The case for broader buffering benefits

Buffer Strip 600

By Prof. Chris Stoate, Allerton Project Head of Research

Grass margins around fields are readily adopted by farmers within agri-environment schemes but are sometimes criticised for failing to deliver on the environmental objectives for which they are intended.  But such criticism often arises because too narrow a focus is taken on the benefits. These include the ability to cut hedges later in the winter, after berries have been eaten by birds, and the provision of a habitat for pollinating insects and invertebrate crop pest predators.

The greatest potential is where grass margins are placed against watercourses, including ditches and small streams, as well as rivers.  Used in this way, their capacity to reduce movement of soil to adjacent watercourses is well established.  We have found that earthworm numbers are more than twice as high in grass margins as in the adjacent field, helping to improve infiltration and reduce surface runoff to water and acting as a refuge for recolonisation of cultivated land, as well as providing a food source for wildlife.

What plant species establish as a result of sowing or natural regeneration also influences the benefits realised by grass margins, as does their subsequent management.  We are exploring the traits and associated benefits arising from a range of perennial herbaceous plant species, with the aim of delivering multiple benefits.  The establishment and management of riparian woodland, where appropriate, is an extension of that process.
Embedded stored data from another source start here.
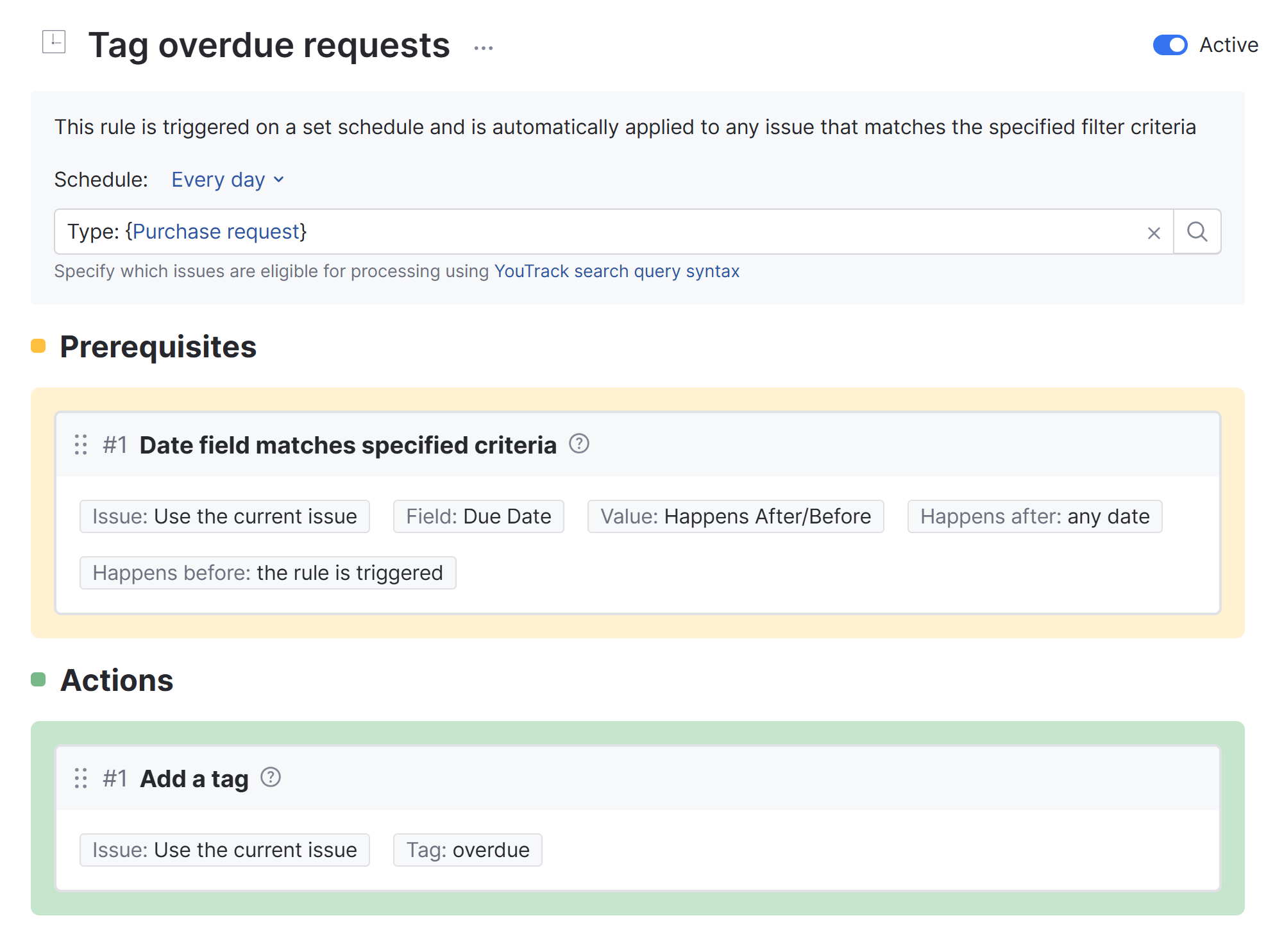 • The rule is active and will update and tag overdue issues in the selected project on a daily basis.
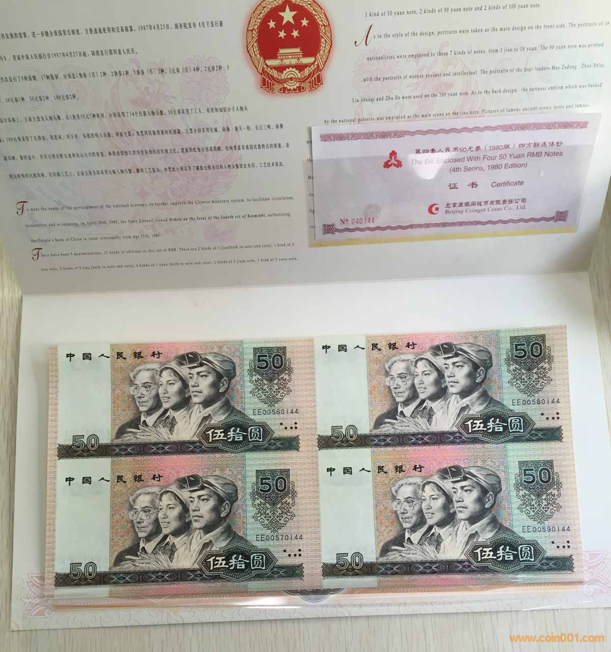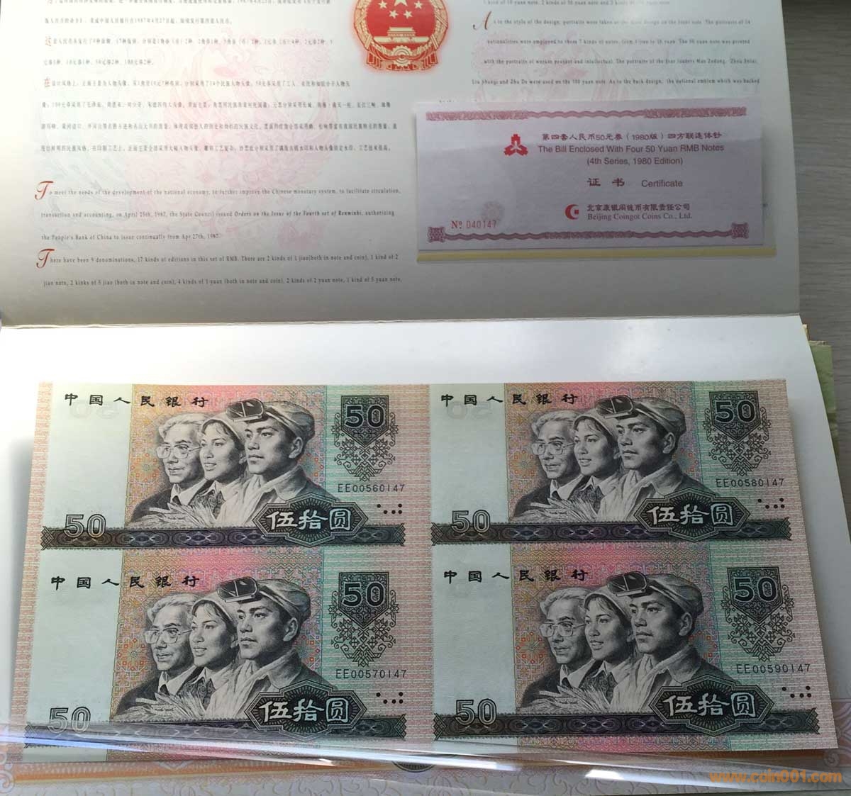 出售:四版 8050 四連體 絕品 連體鈔 3本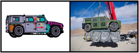For obtaining the magnitude of the terminal impact velocity, a vertical impact test bench is plotted in Figure 1. When fully deployed, the under-vehicle airbag reaches a height of 1.2 m. The weight of the vehicle is 7600 kg and the ground coordinate is defined in Figure 1. In addition, the angle between the vehicle’s heading (longitudinal axis) and its horizontal velocity vector is defined as the sideslip angle (). When the vertical landing impact test bench works, the vehicle is lifted by a cable to a height of 3.2 m and then conducted free fall afterwards to ensure a ground touching speed of about 8 m/s (typical touchdown speed in the airdrop mission).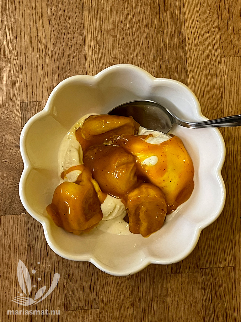 En god vaniljglass, jag kör gärna en svensk glass, tex Sia-glass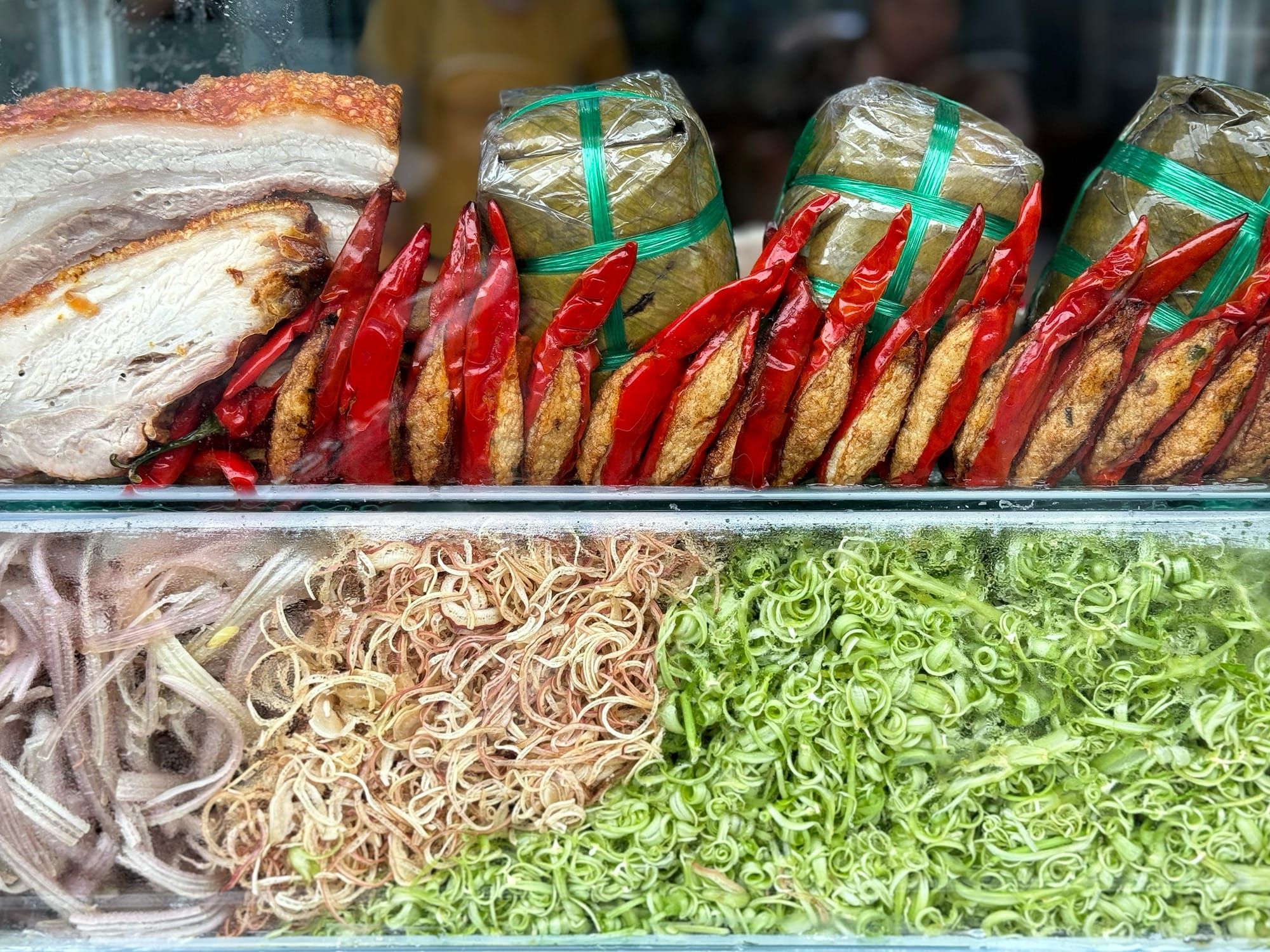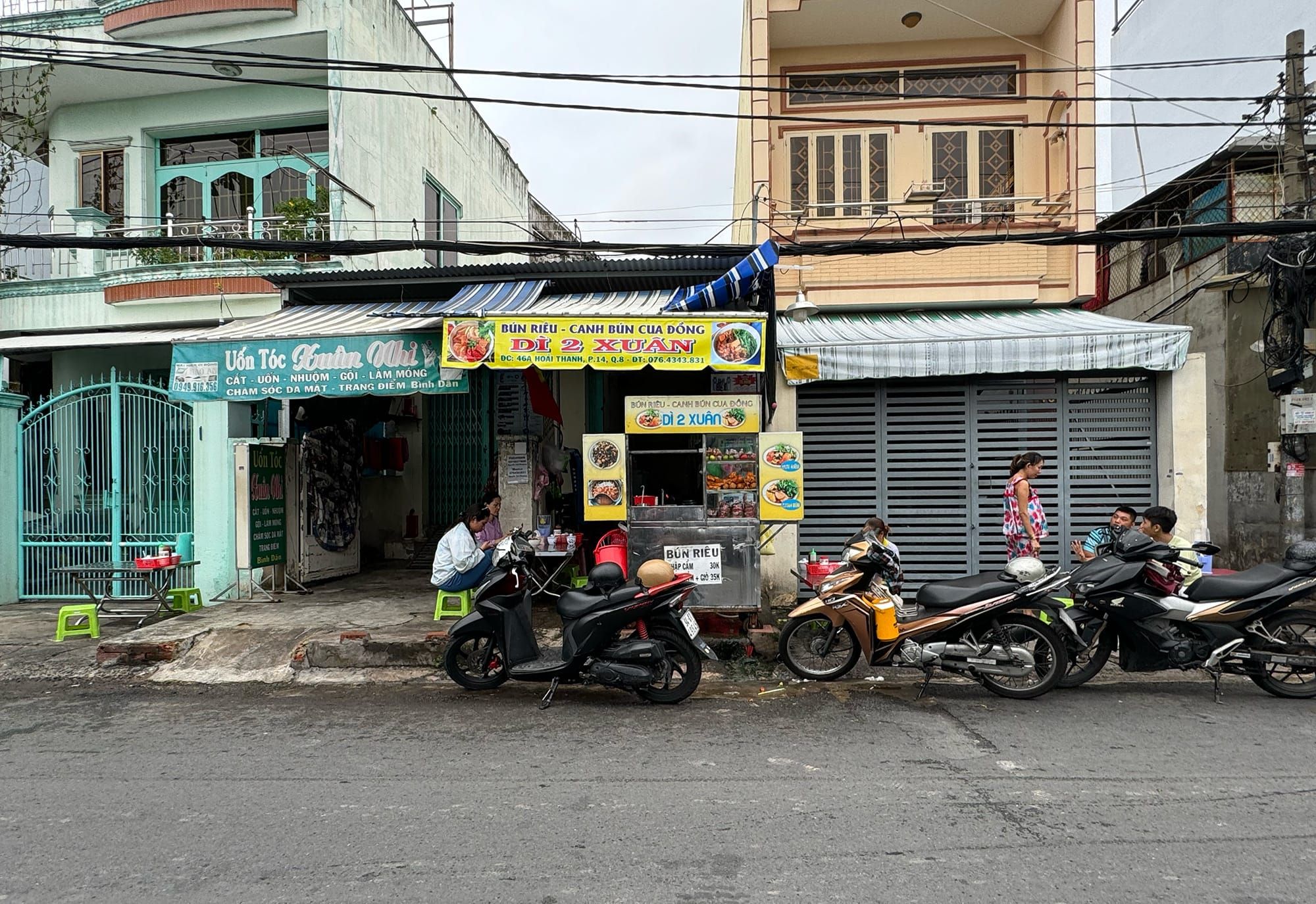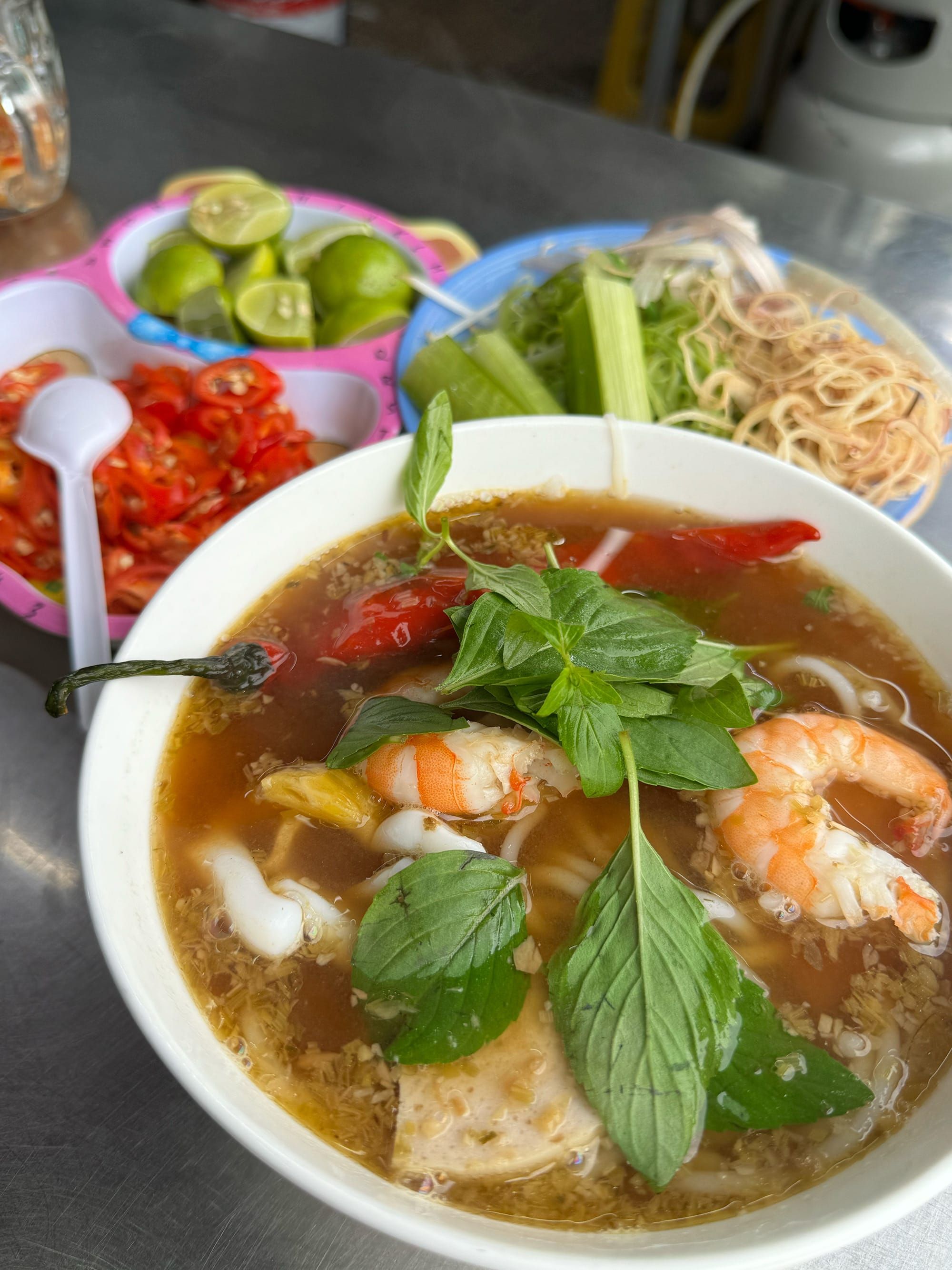 Nhưng điểm nhấn ở cù lao đầu tiên chính là ẩm thực. Một tiểu khu ẩm thực truyền thống phong phú trải dài trong những quán nhỏ đơn sơ giản dị. Mặc dù không được sang trọng hoành tráng như những gì bạn thưởng thức ở trung tâm, nhưng đừng nghi ngờ chất lượng ở đây. Nguyên liệu và hương vị đúng như thập niên 90, chính gốc miền Nam, điển hình như quán bún mắm ở số 66 đường Hoài Thanh này: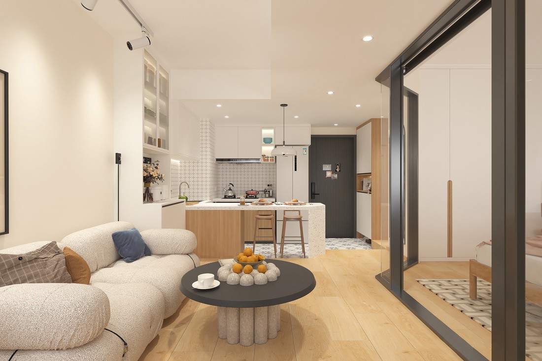 现在入门左侧是卫生间,右侧变成开放式厨房还带吧台式用餐区(工作区)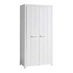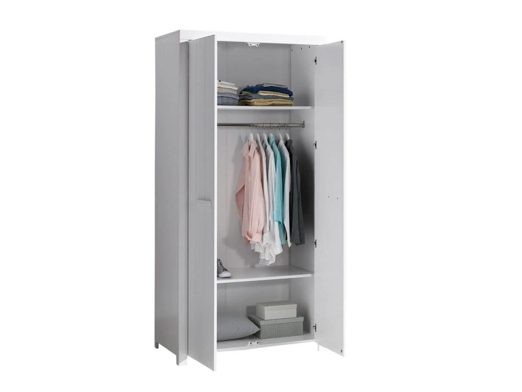 Structure en mdf et pin massif laqué blanc. Dispose d’une penderie et de 2 étagères. Portes avec Système Soft-Close.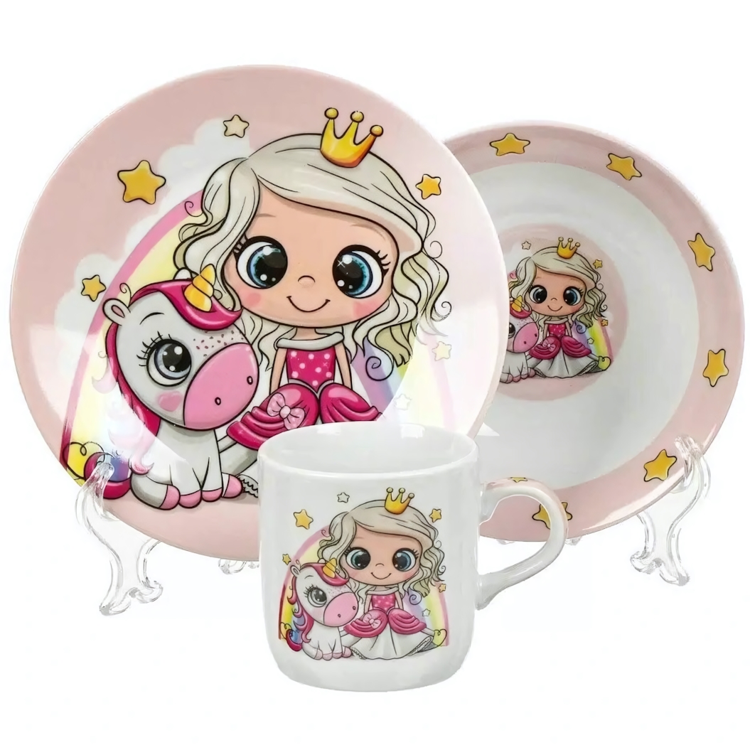 Набор детской посуды «Принцесса и единорог» — яркий и безопасный комплект для маленькой хозяйки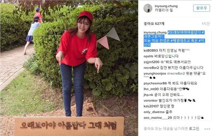 정인영은 15일 자신의 인스타그램에 "#오래보아야아름답다 #과연그럴까 오늘 의상 컨셉은 #해병대조교 혹은 #덕선이"라는 글과 함께 사진을 올렸다. 정인영은 '오래보아야 아름답다 그대처럼'이라는 글의 표지판을 가리키며 카메라를 바라보고 있다.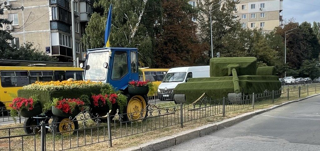 The famous meme of a Ukrainian farmer towing a Russian tank away is immortalised in this central reservation tribute.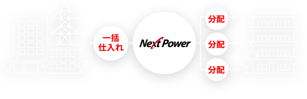 Next Powerは、「マンション高圧一括受電サービス」と「NPでんき」を柱として、人々の暮らしに欠かすことのできない電力供給の一端を担っています。

Buffer strips can be further enhanced by creating buffer pools within them to capture runoff, as we have been doing at Loddington since the 1990s, although the efficacy of these is limited on clay soils where very fine material is held in suspension.  Additional barriers within field boundary ditches serve a similar role. We have shown that, although eutrophic, pools fed by runoff can have additional biodiversity benefits for birds, amphibians and insects.

Where more permeable dams are installed in field boundary ditches or small streams, these have the potential to buffer downstream areas from flood peaks and we are currently evaluating these in our Water Friendly Farming project. Stacking multiple buffering measures requires additional knowledge, investment and management but increases the value of public benefits delivered from the same area of land.

But we know that each of these measures in non-productive areas has only a limited role in reducing the movement of sediment and nutrients to watercourses and additional measures need to be adopted within fields to improve soil function, reduce soil erosion, and deliver other benefits such as enhanced terrestrial biodiversity.

Research at Loddington has identified the potential of tramline management and reduced tillage intensity for example, and as reported in my March post, we have also explored the potential role of cover crops, and are currently investigating grass leys. An integrated approach to land management needs to be taken to meet environmental objectives, incorporating targeted evidence-based management of both productive and non-productive areas.

How effective these measures are varies considerably from time to time and place to place, a subject I will return to in a future post, but each of them has a place for their cumulative impact. With new funding mechanisms for agri-environment schemes currently under consideration in the lead up to Brexit, there is considerable potential for a number of options to enhance the standard grass margins that are now widely adopted across the country.  One solution might be a modular approach to buffer strips with bolt-on options, but crucially, each adopted according to site specific, local circumstances.

It is vital to recognise that we can’t rely on buffers outside the cropped area alone, however elaborate they might become in some situations.  Soil management within the field, reducing erosion in the first place, is fundamental to catchment management and to meeting other environmental objectives, with a range of options for differing soil types.  But these require attention to detail, timely operation, capital investment, technical advice and support, and in some circumstances reduce crop yields.

There are still unknowns and a need for continuing research, and we continue to play a major role in that at Loddington, but we know enough about a range of field margin and in-field measures to adopt a package for improved land management that delivers food production alongside other public benefits.